Ces vers de Victor Hugo tirés des Misérables, me paraissent indiqués quand pour décrire la traversée de la vie du professeur Djamel Eddine Chitour et de tant d’autres « illustres » dans l’échelle universelle des valeurs mais encore anonymes dans ce pays à qui ils ont tout donné : « Il dort. Quoique le sort fût pour lui bien étrange, il vivait. Il mourut quand il n’eut plus son ange ; la chose simplement d’elle-même arriva, comme la nuit se fait lorsque le jour s’en va ».
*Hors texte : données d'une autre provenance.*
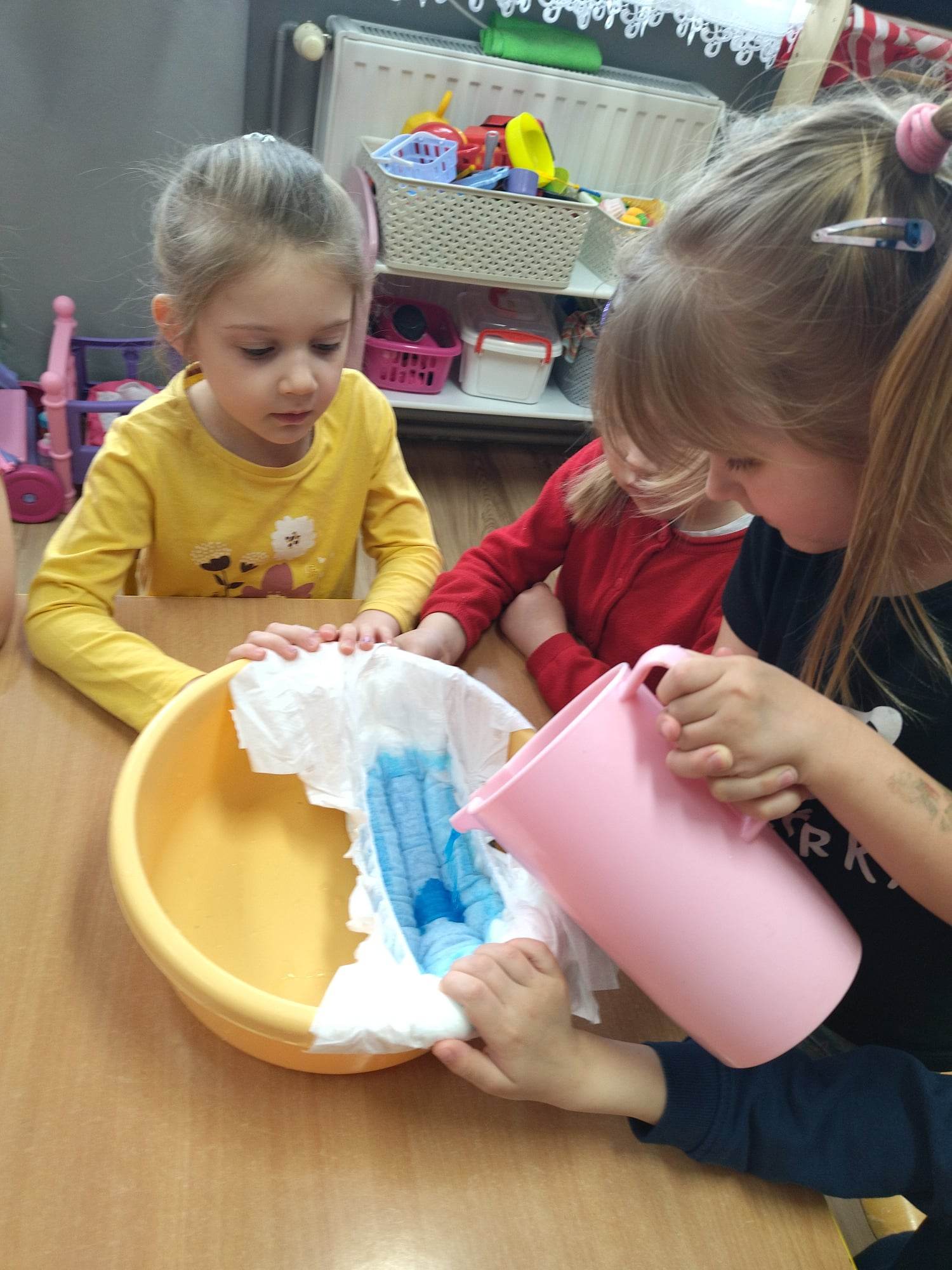 22 marca w naszym przedszkolu odbył się Dzień Wody. W tym dniu wspólnie odkrywaliśmy tajemnice wody i jej znaczenie dla życia ludzi, zwierząt i roślin. Postanowiliśmy połączyć zajęcia edukacyjne ze świetną zabawą. Dzieci poznały wędrówkę kropel wody i dowiedziały się skąd się bierze deszcz. Przedszkolaki wysłuchały opowiadania „Wróżka z Kryształowego Jeziora” - dowiedziały się jak oszczędzać wodę i dlaczego jest to ważne dla naszego środowiska. W czasie zabaw badawczych bliżej przyjrzeliśmy się wodzie. Badaliśmy rozpuszczalność różnych substancji w wodzie oraz jakie materiały pochłania woda, a jakie nie. Bawiliśmy się piaskiem hydrofobowym i porównywaliśmy go ze zwykłym piaskiem. Liczyliśmy, ile kostek cukru znajduje się w poszczególnych napojach oraz tworzyliśmy tęczę z połączenia cukierków Skittles z wodą. Po tych ciekawych zajęciach dzieci wiedzą, jak ważną rolę odgrywa woda w życiu człowieka i rozumieją, dlaczego i w jaki sposób należy oszczędzać wodę.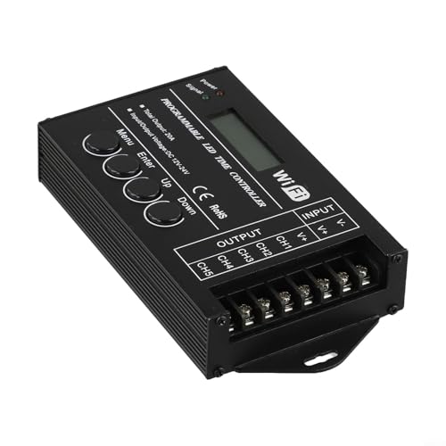HEIBTENY TC421 Contrôleur programmable RGB LED minuteur 5 canaux DC12-24V avec écran 3,6 cm pour bande lumineuse LED, lampe de croissance de plantes et boîte publicitaire, boîtier en alliage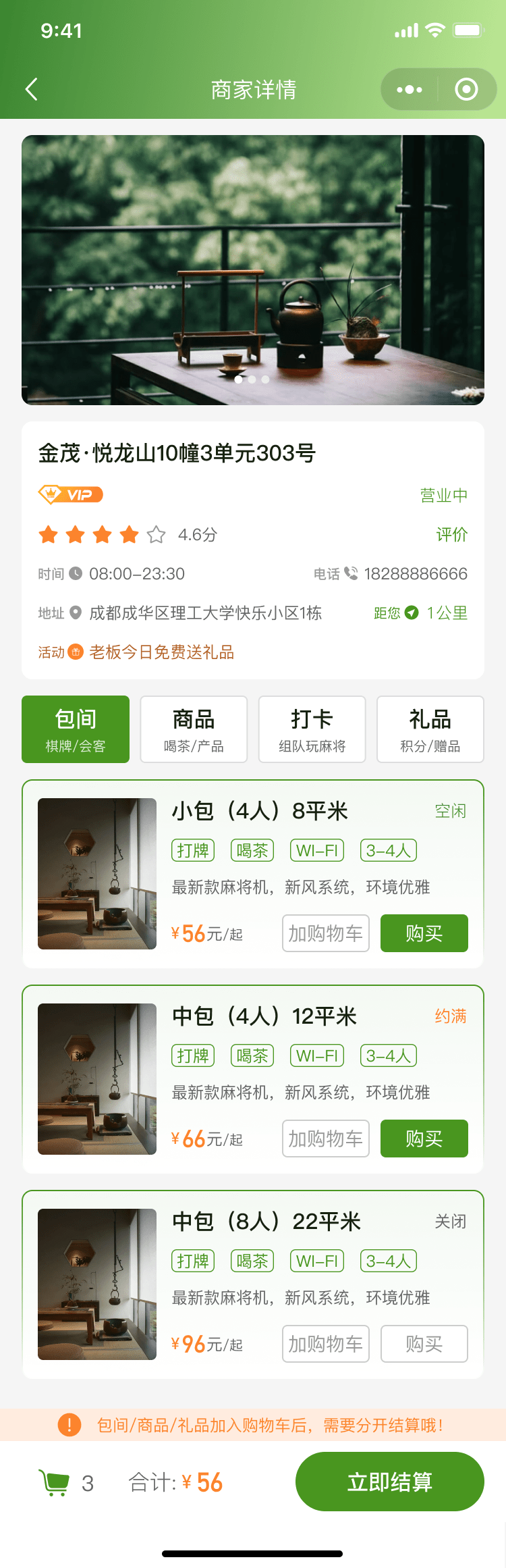 為了提升用戶的體驗(yàn),小程序提供了多種優(yōu)質(zhì)的包間選擇,包括精致小包、優(yōu)質(zhì)中包和品質(zhì)大包等。這些包間不僅環(huán)境優(yōu)雅,還配備了完善的設(shè)施,確保用戶在享受茶文化的同時(shí),也能得到舒適的休閑體驗(yàn)。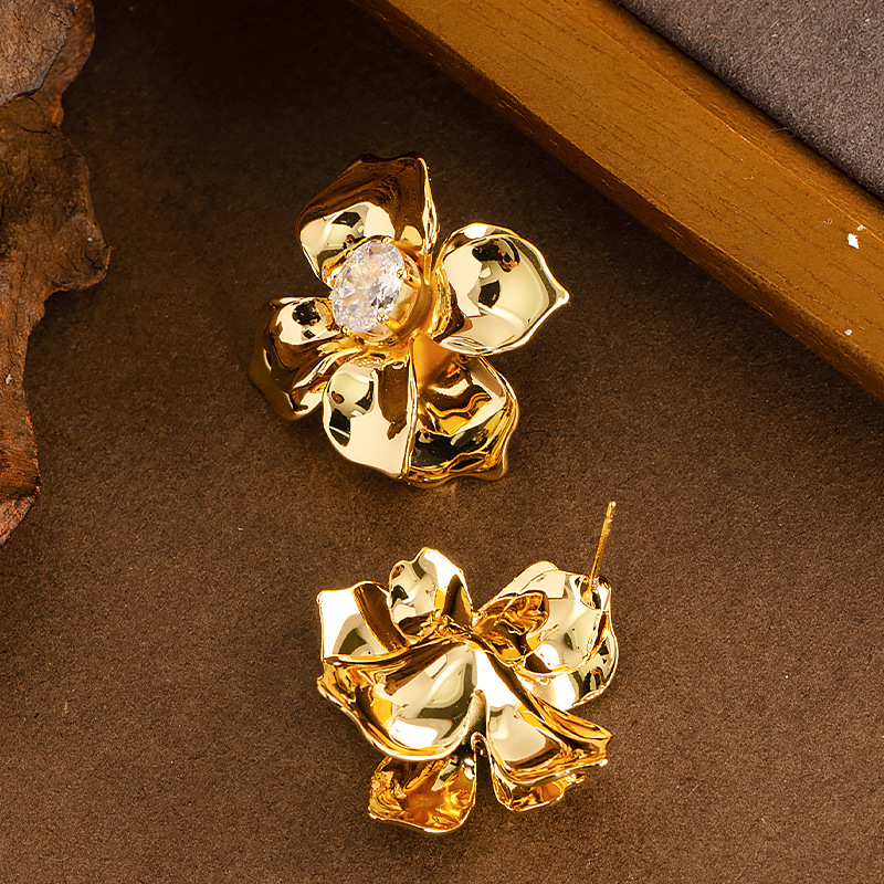 Goujon Laiton, fleur, Placage, bijoux de mode & avec strass, plus de couleurs à choisir, protéger l'environnement, sans nickel, plomb et cadmium, 31x29mm, Vendu par paire
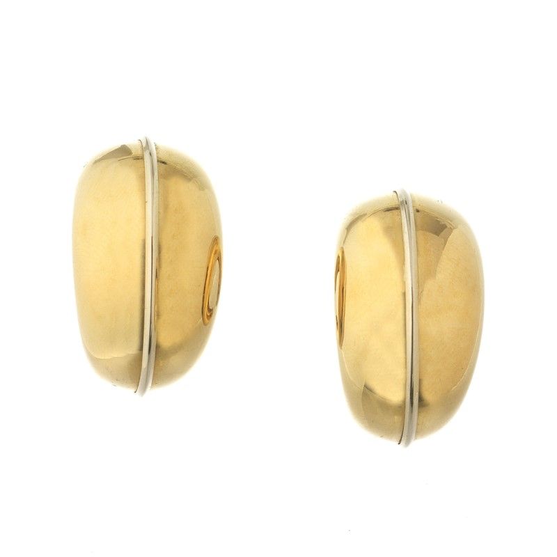 in oro giallo 18kt, di forma bombata, punzone 750 e firma del fabbricante, dim. cm 2x3x3,5, gr. 17 complessivi
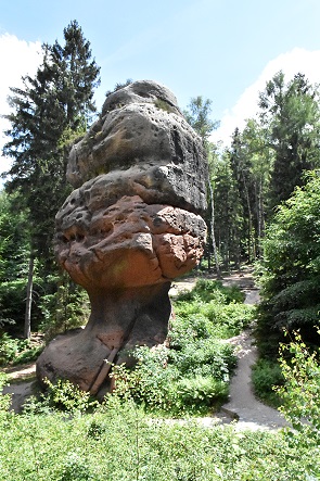 Diese schöne Felsformationen ist ein super Fotomotiv und auch ein Paradies für Kletterer. Seine rote Farbe bekommt der Buntsandstein vom Eisenoxidgehalt, die Form entstand durch Erosion vom Wasser und Windschliff. Kelchstein und Kelchsteinwärter bilden aus der richtigen Perspektive ein Felstor ohne Bogen.

Professeur Chems Eddine Chitour
Ecole Polytechnique Alger
Notes :
1.Vidéo de la soutenance de thèse en 1983 https://youtu.be/orKnXUf791c
2.https://neurophysiologie.wordpress.com/2019/10/31/prof-djamel-chitour-activites-de-recherche/https://neurophysiologie.wordpress.com/2019/10/21/23/
3.Vidéo montrant le professeur Djamel Eddine dans son laboratoire
https://www.youtube.com/watch?v=_sDvRAtkfDI
4. Chems Eddine Chitour. Extrait de l’hommage au professeur Aoudjhane.